Dumm ist es, auf die eigene Herkunft stolz zu sein, ebenso, wie es dumm ist, Menschen wegen ihrer Herkunft lächerlich zu machen.

Astra-Werbung in Hamburg: Für wen ist sie lustig? Foto: Joto

I ch war im Urlaub in Brandenburg, und trotz der Hitze war es dort sehr schön. Ich habe jeden Tag in einem türkisblauen See gebadet und liebe Menschen getroffen.
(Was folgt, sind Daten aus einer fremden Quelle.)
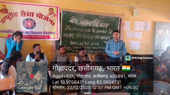गोहरापदर–:–शासकीय नवीन महाविद्यालय गोहरापदर में आज दिनांक 22 दिसंबर 2025 को, ‘वीर बाल दिवस’ (26 दिसंबर2025) के उपलक्ष्य में, राष्ट्रीय सेवा योजना (NSS) के तत्वावधान में, प्राचार्य डॉ. टी. एस. सोनवानी के निर्देशन एवं राष्ट्रीय सेवा योजना कार्यक्रम अधिकारी श्री सनत कुमार के मार्गदर्शन में व्याख्यान एवं भाषण प्रतियोगिता का आयोजन किया गया। कार्यक्रम का उद्देश्य सिखों के दशम गुरु श्री गुरु गोविंद सिंह जी के साहिबजादों के अद्वितीय बलिदान, शौर्य एवं धर्मनिष्ठा को स्मरण करना रहा।
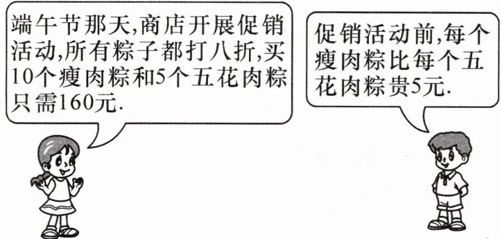 解:设促销活动前每个瘦肉粽、五花肉粽的售价分别为x元、y 元.由题意,得$\left\{\begin{array}{l} 0.8(10x+5y)=160,\\ x-y=5,\end{array}\right. $解得$\left\{\begin{array}{l} x=15,\\ y=10.\end{array}\right. $答:促销活 动前每个瘦肉粽、五花肉粽的售价分别为15元、10元.
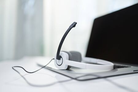 Close-up of laptop, white headphones with microphone on table. Call center support
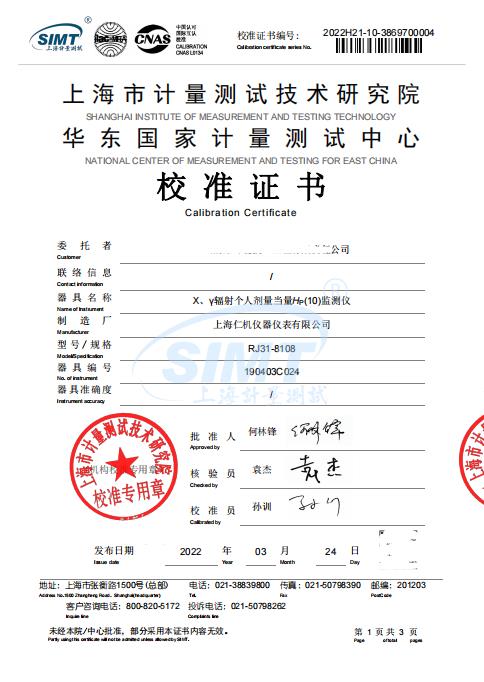 个人剂量测量仪(RJ31-8108)ISO认证

Kurz bevor ich dorthin fuhr, habe ich gelesen, dass es in Brandenburg sehr rassistisch sei, ganz allgemein, und tendenziell mag es stimmen. Ich habe keine Statistiken studiert. Während ich dort war, musste ich immer wieder daran denken, was andere Leute, Leute, die zum Beispiel in Hamburg leben, über die Menschen in Brandenburg, oder im Osten allgemein, denken.

Ich wohne ja selber seit über 25 Jahren in Hamburg und denke manchmal selber ein bisschen so, als käme auch ich nicht aus diesem Brandenburg, das die meiste Zeit, in der ich dort wohnte, gar nicht Brandenburg, sondern Bezirk Frankfurt/O. hieß.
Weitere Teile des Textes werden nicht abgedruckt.